Description of the task: Among the entries below, only the lines starting at the one with "野外无人区,油管博主@Tec" and ending at the one with "若你已经有了预发布的项目那么", both included, are to be printed exactly.

Records to use:
--------------------------------

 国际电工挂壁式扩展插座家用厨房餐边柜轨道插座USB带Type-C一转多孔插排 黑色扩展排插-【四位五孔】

--------------------------------

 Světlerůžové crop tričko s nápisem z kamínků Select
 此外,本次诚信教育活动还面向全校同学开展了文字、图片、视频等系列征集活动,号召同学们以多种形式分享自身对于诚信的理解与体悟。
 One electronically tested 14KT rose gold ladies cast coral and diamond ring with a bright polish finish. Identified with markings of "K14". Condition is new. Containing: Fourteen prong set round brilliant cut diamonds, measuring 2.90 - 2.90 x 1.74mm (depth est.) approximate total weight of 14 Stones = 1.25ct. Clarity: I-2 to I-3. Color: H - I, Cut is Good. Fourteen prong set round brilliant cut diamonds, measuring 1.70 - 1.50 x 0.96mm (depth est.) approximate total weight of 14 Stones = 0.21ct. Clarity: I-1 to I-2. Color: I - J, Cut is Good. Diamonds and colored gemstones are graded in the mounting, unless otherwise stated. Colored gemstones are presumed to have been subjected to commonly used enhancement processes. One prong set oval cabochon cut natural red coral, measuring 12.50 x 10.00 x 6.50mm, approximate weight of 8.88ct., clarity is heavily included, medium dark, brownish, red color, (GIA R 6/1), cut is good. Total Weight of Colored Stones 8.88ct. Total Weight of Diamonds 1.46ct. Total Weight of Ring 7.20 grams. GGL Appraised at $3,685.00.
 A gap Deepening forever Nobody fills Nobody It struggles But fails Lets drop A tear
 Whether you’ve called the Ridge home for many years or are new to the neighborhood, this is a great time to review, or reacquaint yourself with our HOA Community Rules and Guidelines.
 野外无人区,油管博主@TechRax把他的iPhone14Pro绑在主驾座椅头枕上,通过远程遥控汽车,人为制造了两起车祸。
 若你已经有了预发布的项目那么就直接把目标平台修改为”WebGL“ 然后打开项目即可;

--------------------------------

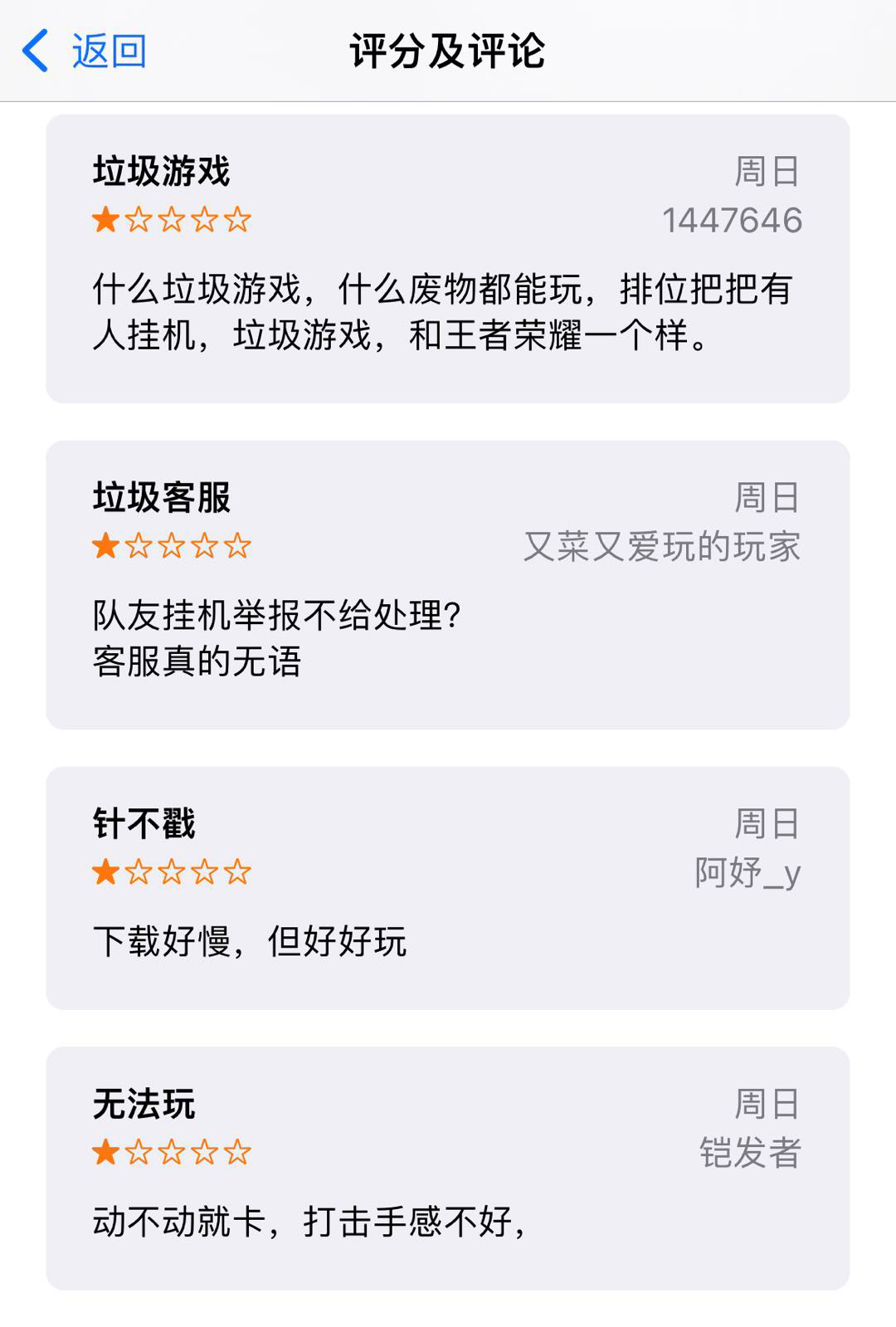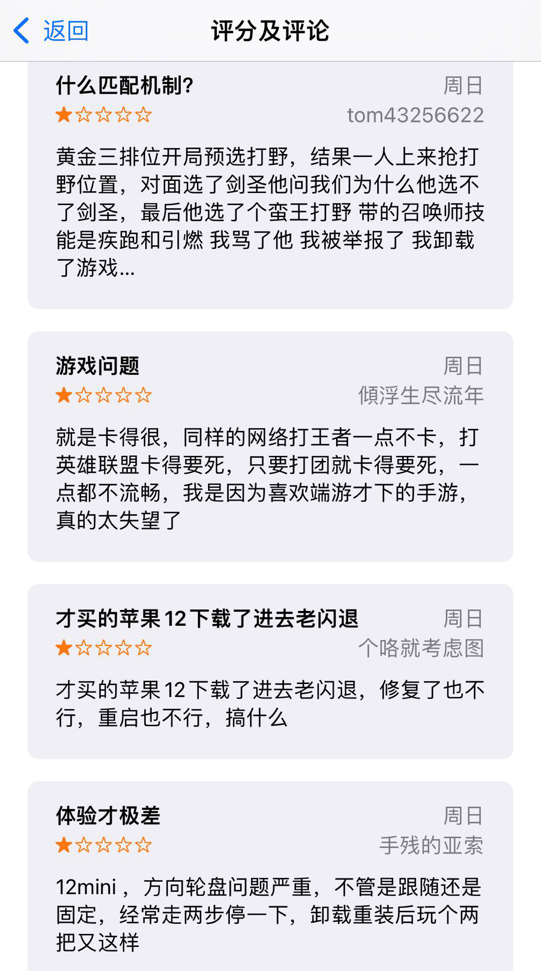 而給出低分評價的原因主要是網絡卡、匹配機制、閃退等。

--------------------------------

Exercise solution:
 野外无人区,油管博主@TechRax把他的iPhone14Pro绑在主驾座椅头枕上,通过远程遥控汽车,人为制造了两起车祸。
 若你已经有了预发布的项目那么就直接把目标平台修改为”WebGL“ 然后打开项目即可;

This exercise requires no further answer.